--- Work item ---
Below are records with pictures in them. Output exactly the lines from the one with "Посмотрите на этот" through the one with "主机工作设置为流量或者压力控", both included, and leave every picture out; give only those lines.

--- Data for processing ---
'''

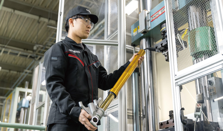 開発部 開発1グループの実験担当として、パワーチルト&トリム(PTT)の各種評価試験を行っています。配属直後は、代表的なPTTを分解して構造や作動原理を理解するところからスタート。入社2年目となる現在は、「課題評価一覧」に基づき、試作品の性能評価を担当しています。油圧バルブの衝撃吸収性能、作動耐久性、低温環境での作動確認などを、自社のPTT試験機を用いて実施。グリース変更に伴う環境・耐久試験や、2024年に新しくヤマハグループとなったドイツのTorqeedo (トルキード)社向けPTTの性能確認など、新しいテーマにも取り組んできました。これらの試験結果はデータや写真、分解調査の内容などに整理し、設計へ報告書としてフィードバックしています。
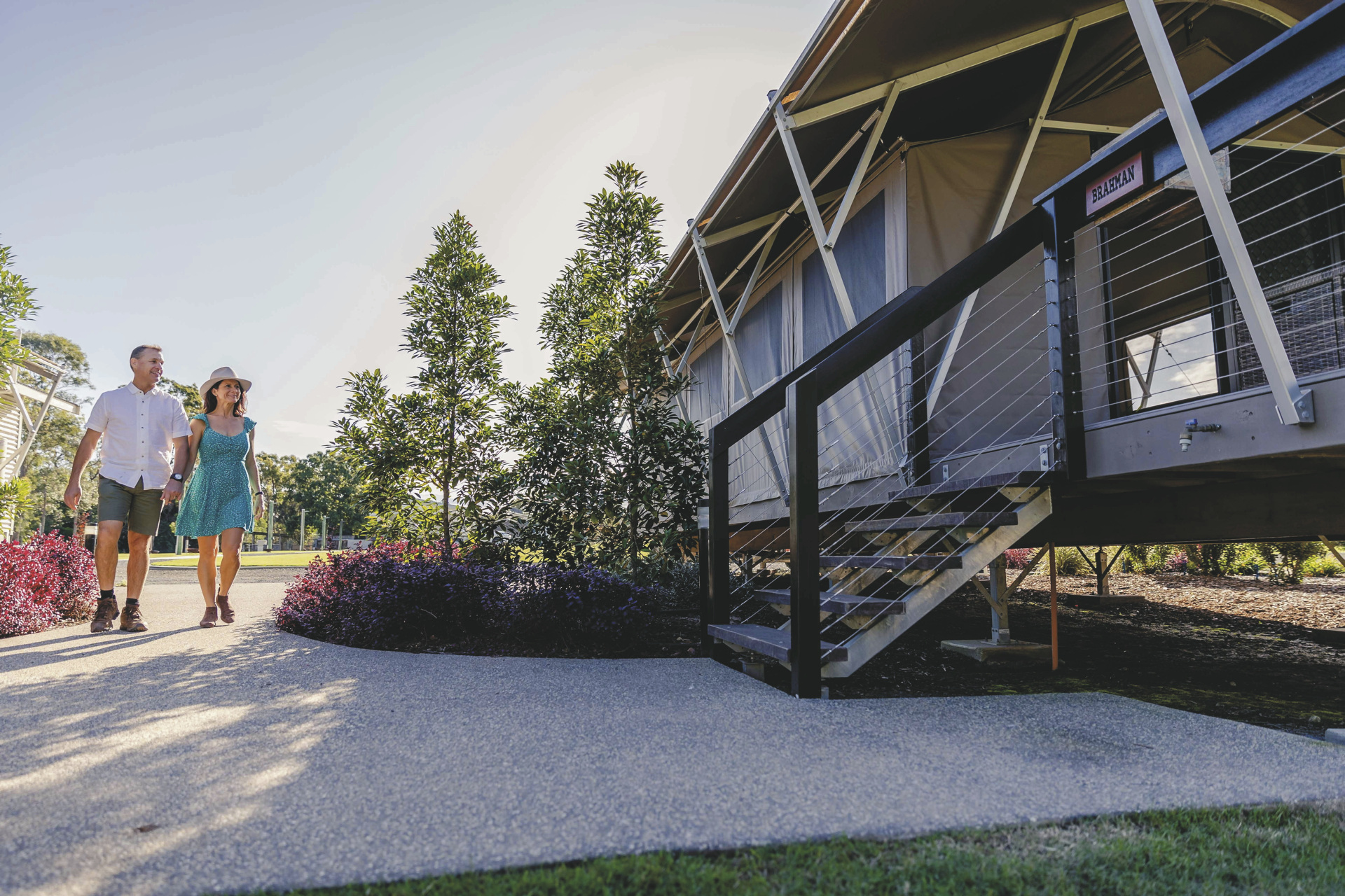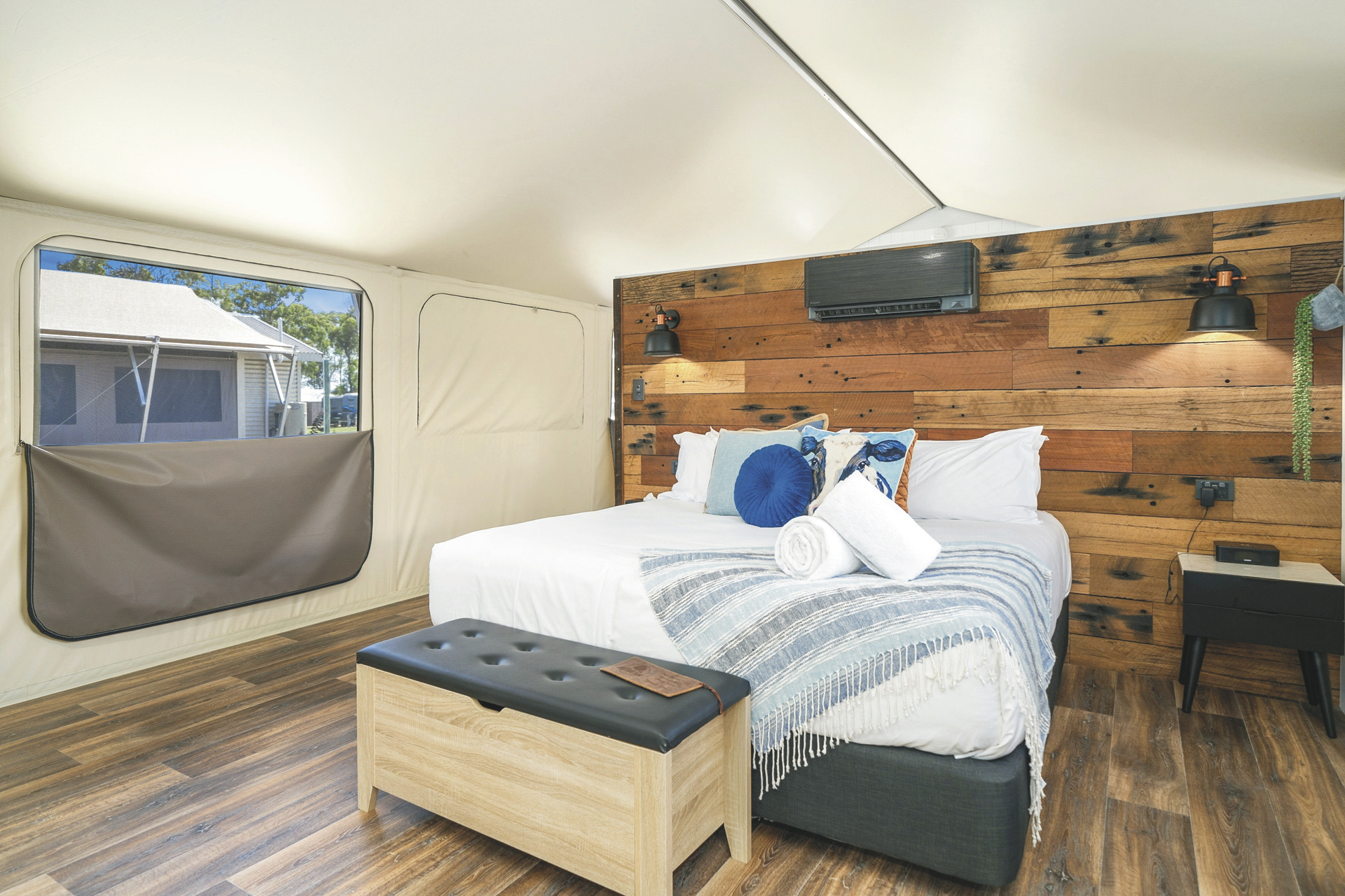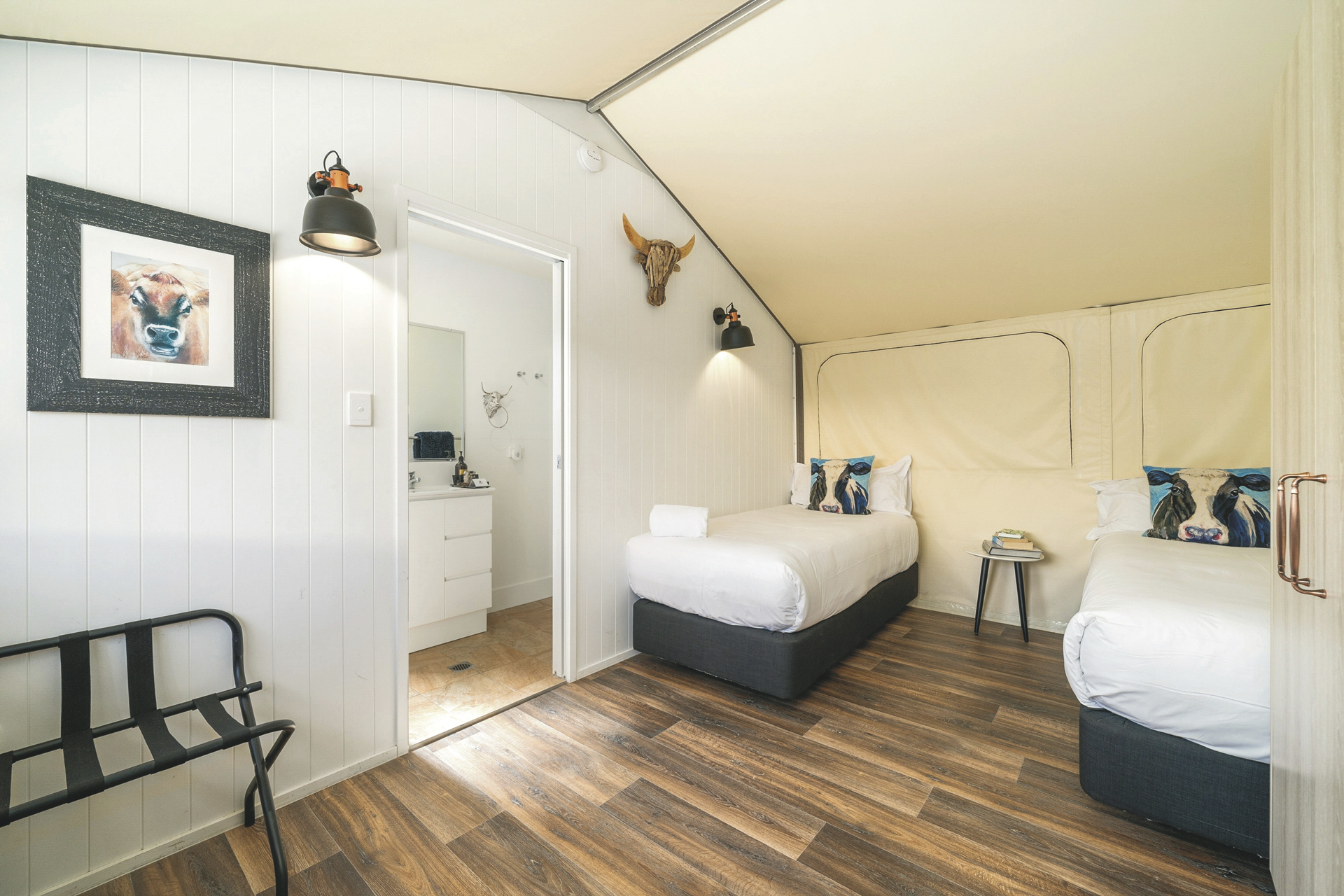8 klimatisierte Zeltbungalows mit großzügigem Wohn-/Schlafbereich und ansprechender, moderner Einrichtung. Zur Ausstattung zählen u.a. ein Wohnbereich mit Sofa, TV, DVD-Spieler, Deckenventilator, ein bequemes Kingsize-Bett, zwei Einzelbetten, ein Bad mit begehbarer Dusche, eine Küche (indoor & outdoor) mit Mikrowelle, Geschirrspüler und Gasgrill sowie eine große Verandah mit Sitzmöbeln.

'''
'''

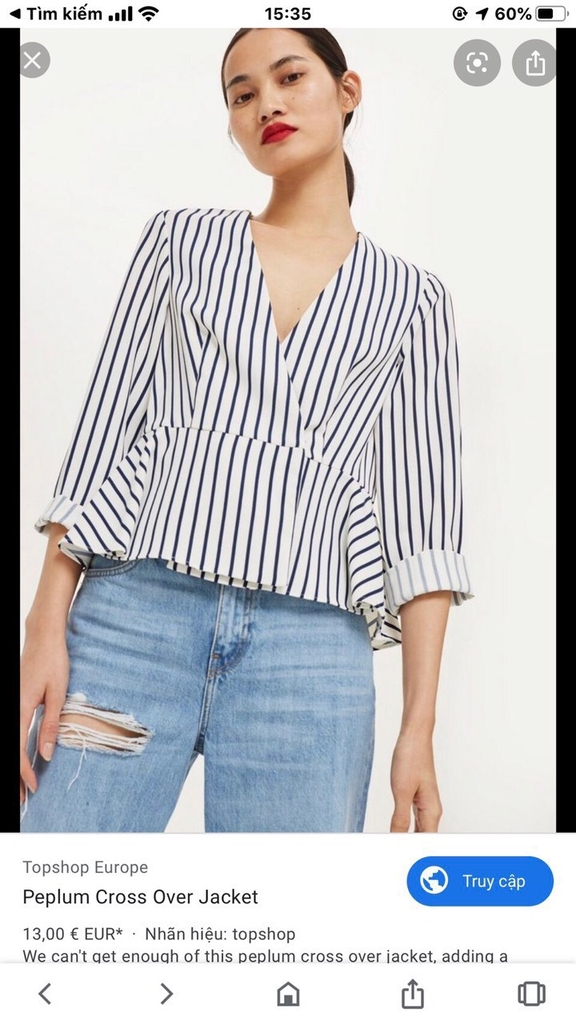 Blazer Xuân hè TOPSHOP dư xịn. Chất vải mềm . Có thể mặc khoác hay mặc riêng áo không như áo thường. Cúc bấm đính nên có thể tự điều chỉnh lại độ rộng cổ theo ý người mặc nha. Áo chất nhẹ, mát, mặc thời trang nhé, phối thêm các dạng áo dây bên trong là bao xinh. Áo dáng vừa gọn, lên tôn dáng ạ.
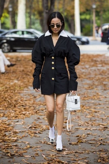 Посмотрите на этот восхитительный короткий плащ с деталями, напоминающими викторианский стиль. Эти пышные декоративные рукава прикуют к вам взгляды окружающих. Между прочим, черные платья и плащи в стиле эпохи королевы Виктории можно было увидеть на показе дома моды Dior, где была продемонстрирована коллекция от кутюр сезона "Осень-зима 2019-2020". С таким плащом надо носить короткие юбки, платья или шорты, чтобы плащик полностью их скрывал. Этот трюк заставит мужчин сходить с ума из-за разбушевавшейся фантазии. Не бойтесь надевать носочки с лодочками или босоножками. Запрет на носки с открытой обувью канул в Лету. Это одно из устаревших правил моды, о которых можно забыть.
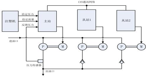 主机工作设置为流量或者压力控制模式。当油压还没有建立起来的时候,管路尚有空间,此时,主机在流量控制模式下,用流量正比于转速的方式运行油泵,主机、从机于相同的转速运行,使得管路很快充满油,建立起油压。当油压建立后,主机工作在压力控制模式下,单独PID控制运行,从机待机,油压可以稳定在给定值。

'''

--- Result ---
 Посмотрите на этот восхитительный короткий плащ с деталями, напоминающими викторианский стиль. Эти пышные декоративные рукава прикуют к вам взгляды окружающих. Между прочим, черные платья и плащи в стиле эпохи королевы Виктории можно было увидеть на показе дома моды Dior, где была продемонстрирована коллекция от кутюр сезона "Осень-зима 2019-2020". С таким плащом надо носить короткие юбки, платья или шорты, чтобы плащик полностью их скрывал. Этот трюк заставит мужчин сходить с ума из-за разбушевавшейся фантазии. Не бойтесь надевать носочки с лодочками или босоножками. Запрет на носки с открытой обувью канул в Лету. Это одно из устаревших правил моды, о которых можно забыть.
 主机工作设置为流量或者压力控制模式。当油压还没有建立起来的时候,管路尚有空间,此时,主机在流量控制模式下,用流量正比于转速的方式运行油泵,主机、从机于相同的转速运行,使得管路很快充满油,建立起油压。当油压建立后,主机工作在压力控制模式下,单独PID控制运行,从机待机,油压可以稳定在给定值。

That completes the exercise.